Playground, Laura Wandel’s first feature, is indeed set on an actual playground, but perhaps its French title, Un Monde (a world) more accurately conveys how the Belgian director approaches this brutal coming-of-age story. She opens with a close-up of extreme, tender emotion. It is Nora’s (Maya Vanderbeque) first day at elementary school, and as she clasps onto her loving older brother Abel (Günter Duret), her worst fears seem to be confirmed: she will have to make it alone, at least until lunchtime. At child height, where the film will stay for its entire 72 minutes, the hand of her father (Karim Leklou) guides her, until he too is told he may go no further.

The recognizable misery of settling into the structure and rituals of school life is taken to a new level of abjection in Playground. The cinematography and grey, almost shiny color palette emphasize the plastic tiles and hard, cold stone that lines so many schools. From the taste of chlorine to the dampness of an autumn playground, the film skillfully evokes the heightened senses of a child. It does this through a rigid formality: almost every shot follows Nora in close up, in extreme shallow focus, as she navigates the school.

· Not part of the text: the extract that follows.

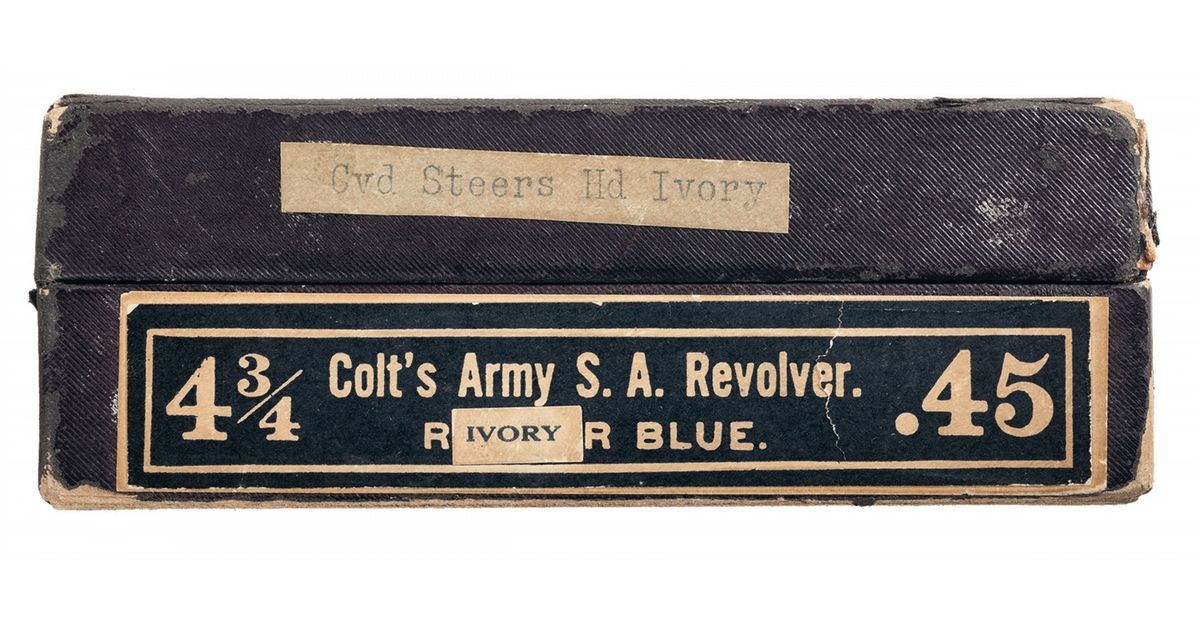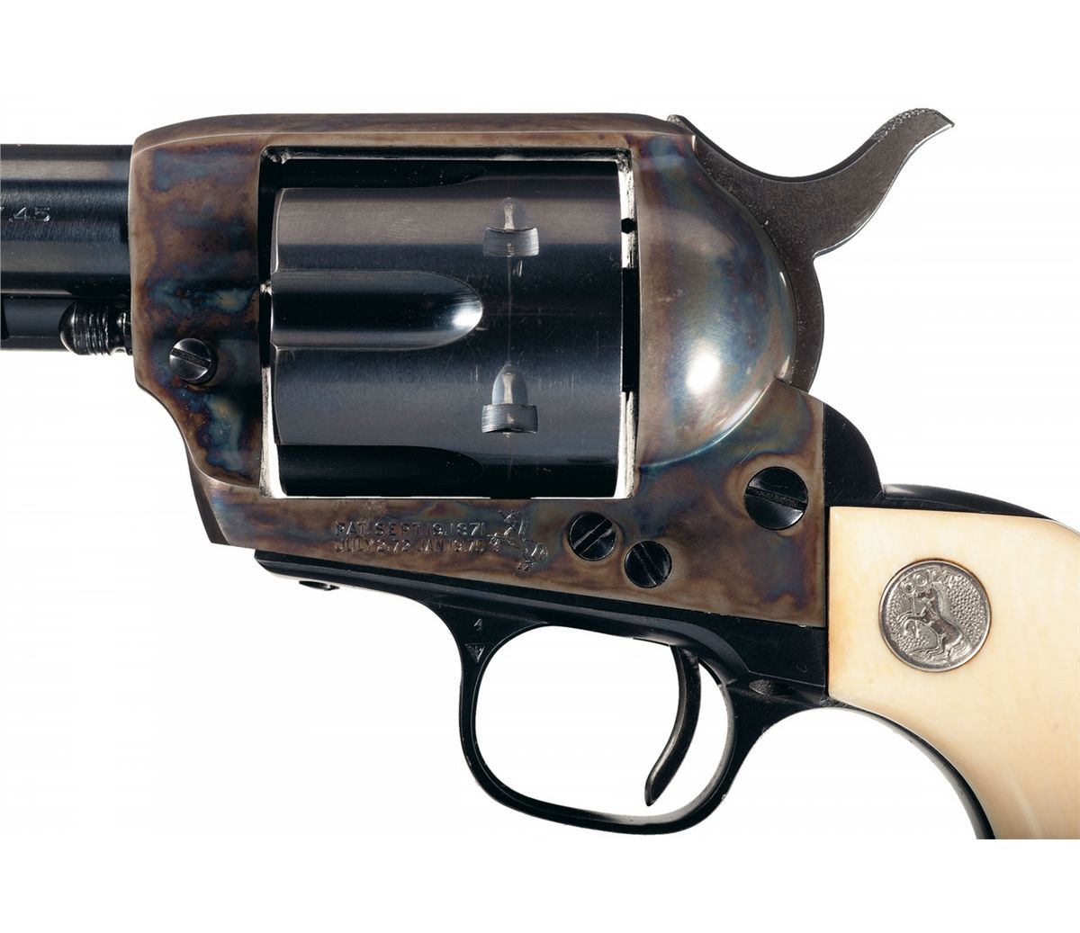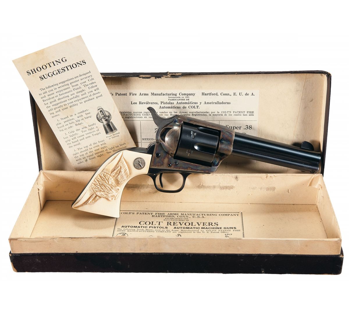 Manufactured in 1940, the last year of the first Generation Colt Single Action Army revolver. The top of the barrel is marked with the two line address and "COLT SINGLE ACTION ARMY 45" on the left side. The left side of the frame is marked with the two line, three patent dates followed by the Rampant Colt. The upper left front of the trigger guard is marked with the Colt triangle "VP" proofmark and the number "4". The matching serial number is marked on the bottom of the frame and on the right side of the grip straps under the grip and both grip panels are numbered to the gun. The assembly number "103" is marked on the loading gate. Blue finish with casehardened frame, blade front and frame notch rear sights, and fitted with two-piece ivory grips with a steer head carved on the right panel and silver Colt medallions. Complete with the original black hinged lid box numbered to the gun with end label reading "IVORY" over "RUBBER" for the grips and "Cvd Steers Hd Ivory" sticker on the top lid end flap and wire brush.This firearm's serial number is only 31 numbers away from lot 3256 sold in September 2012 auction.

The school-yard social system is clear, but not overripe. As the kids file from lesson to lesson, through corridors, or shiver at the swimming pool, the Foucauldian prison is clearly felt. That Playground is a kind of kindergarten Son of Saul becomes clearer as Wandel reveals Nora’s hero, the biblically named Abel, is not the soccer champion he presents himself as, but the victim of vicious bullying. She immediately makes friends — but even they whisper about her brother when he wets himself. Evidently, class is also an issue — she misses out on a birthday invite, and her father doesn’t work because he is looking after his kids — but Wandel doesn’t dwell on it. Class simply isn’t a part of Nora’s understanding of her world.

Wandel’s aesthetic strategy has its limitations, however. As Abel’s suffering reaches morbid heights, there are times that the viewer could do with seeing the faces and subtle reactions of players on this playground world. An angelic teaching assistant who offers protection, like a Bresson woman, is employed to give Nora a spiritual glimpse of the peace within playground walls. At other times, a reliance on obvious visuals like diving underwater to show a state of limbo and turmoil does little more than link scenes of pain together. When Nora spots Abel being stuffed into a bin by relentless bullies, she covers her eyes with a sheet, pretending not to see, in a self-conscious reference to the film’s entire style.

What sticks in Playground, ultimately, are the small details that capture childhood activity and behavior. How gravel in an eye feels like the worst thing in the world — until it isn’t, as one sees when the film cuts from tears on the playground to laughter in the lunchroom. How placing leaves around a bird, dead in a sandpit, or aimlessly digging holes in the ground, get the children closer to understanding death, life, and the earth itself. These moments offer a balance to the cruelty of Wandel’s world. By the time Nora begins to don a denim jacket in the film’s second half, she begins to resemble one of Pialat’s working-class rebels. Even if Playground is no L’Enfance nue, Wandel’s film burrows right into the mind of its characters, leaving you gasping for air.